→ **Stored data**:
Segment Open

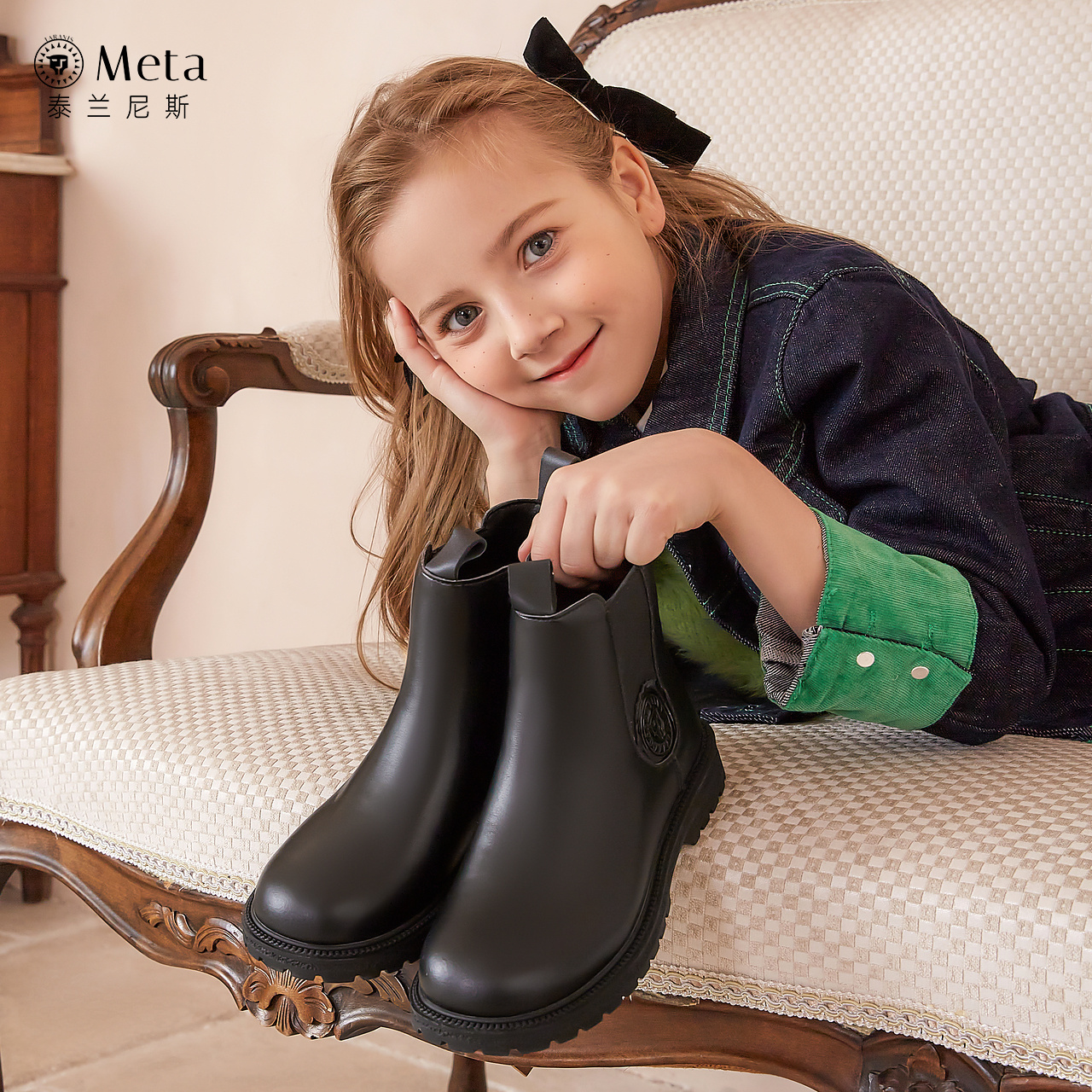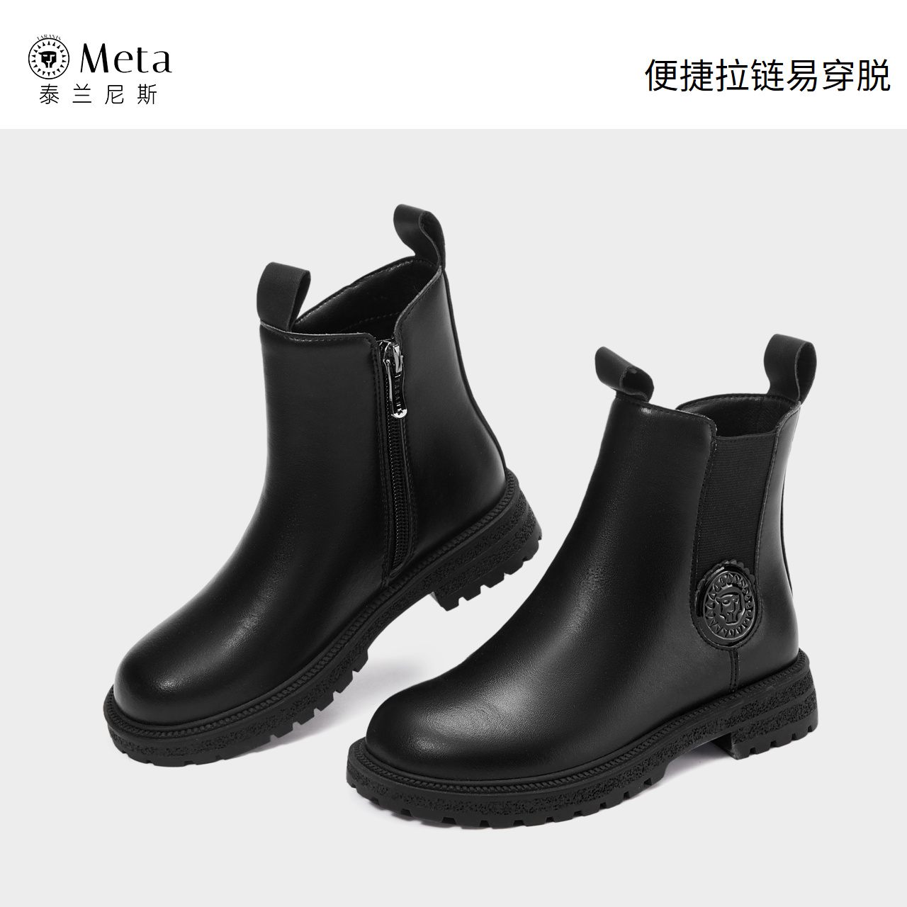 泰兰尼斯meta儿童鞋 黑色马丁靴女童切尔西短靴中大童单靴 秋季
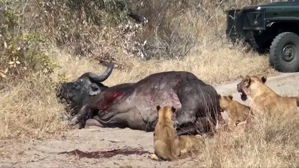 حودث رکنا: در این ویدئو صحنه ای بسیار دلخراش از حمله شیر های وحشی به بوفالو را خواهید دید که قلب آدم را به درد می آورد.
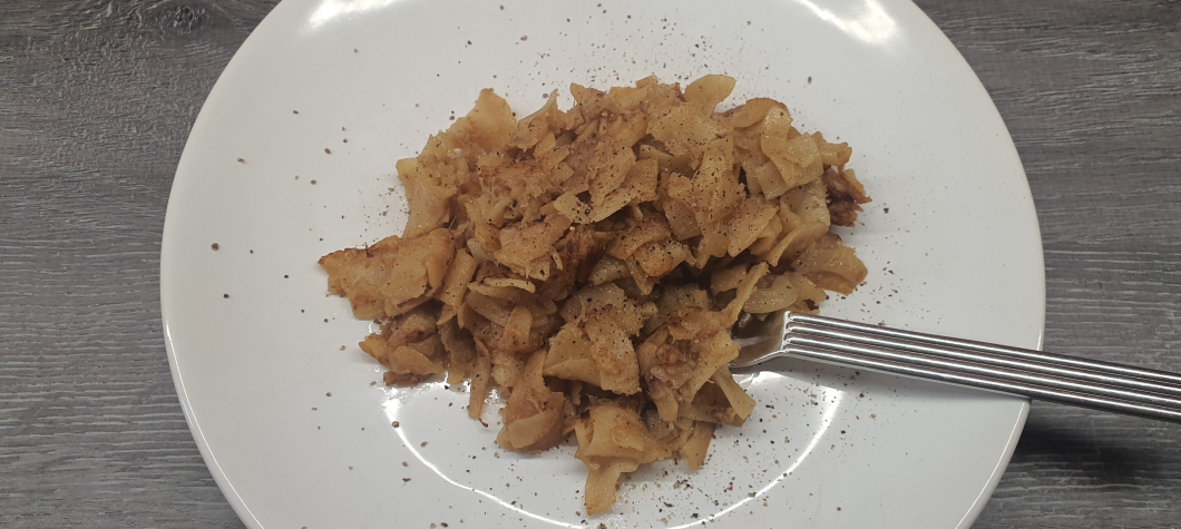 6.A megpárolt-pirított káposztát megszórjuk őrölt borssal, majd belezuttyantjuk a kifőzött, leszűrt tésztát, és alaposan összeforgatjuk.
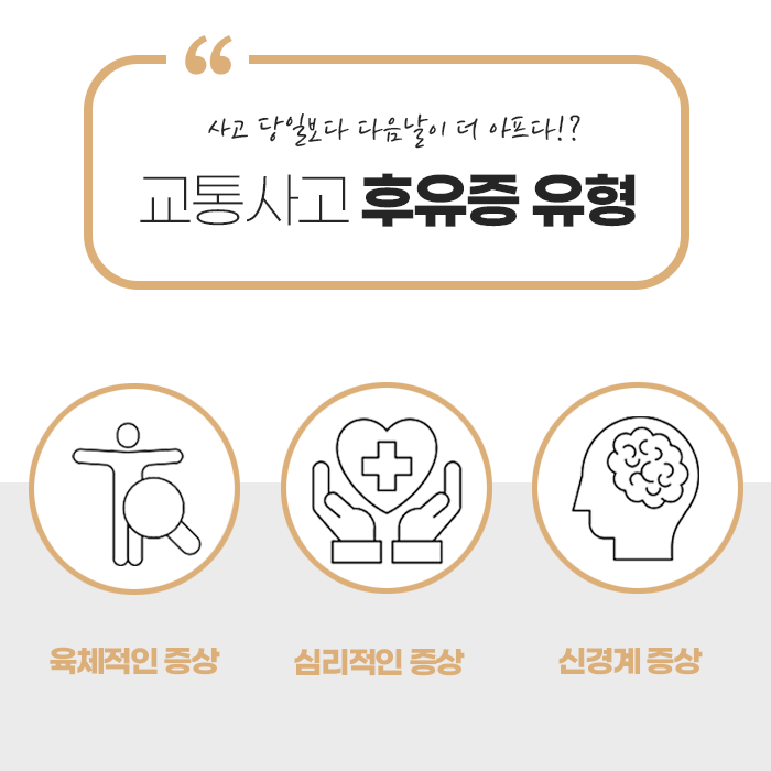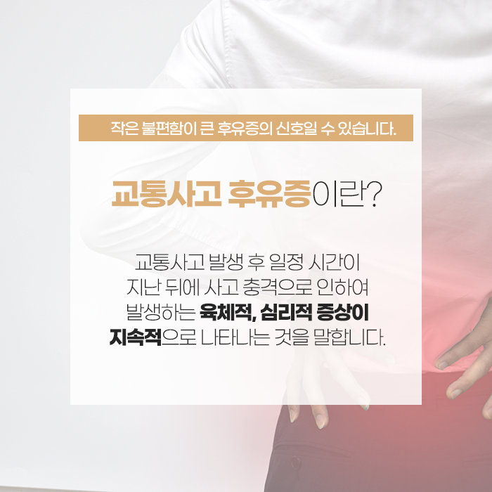 사고 이후에는 몸의 변화가 며칠 뒤부터 더 뚜렷해지는 경향이 있습니다. 처음에는 괜찮다고 생각했지만, 시간이 지날수록 목이 굳거나 허리 통증이 심해지고, 피로가 쉽게 누적되는 등 여러 증상이 나타날 수 있습니다. 이러한 후유증을 방치하게 되면 근육 긴장이 만성화되고 관절 가동 범위가 제한되며, 결국 장기적인 통증으로 이어질 가능성이 커집니다.

Segment Closed

→ **Problem details**: After dropping the pictures, please set down the lines from the beginning of the listing through the line containing "6.A megpárolt-pirított káposztát", both included, exactly as they stand.

→ **Result of this task**:
 泰兰尼斯meta儿童鞋 黑色马丁靴女童切尔西短靴中大童单靴 秋季
 حودث رکنا: در این ویدئو صحنه ای بسیار دلخراش از حمله شیر های وحشی به بوفالو را خواهید دید که قلب آدم را به درد می آورد.
 6.A megpárolt-pirított káposztát megszórjuk őrölt borssal, majd belezuttyantjuk a kifőzött, leszűrt tésztát, és alaposan összeforgatjuk.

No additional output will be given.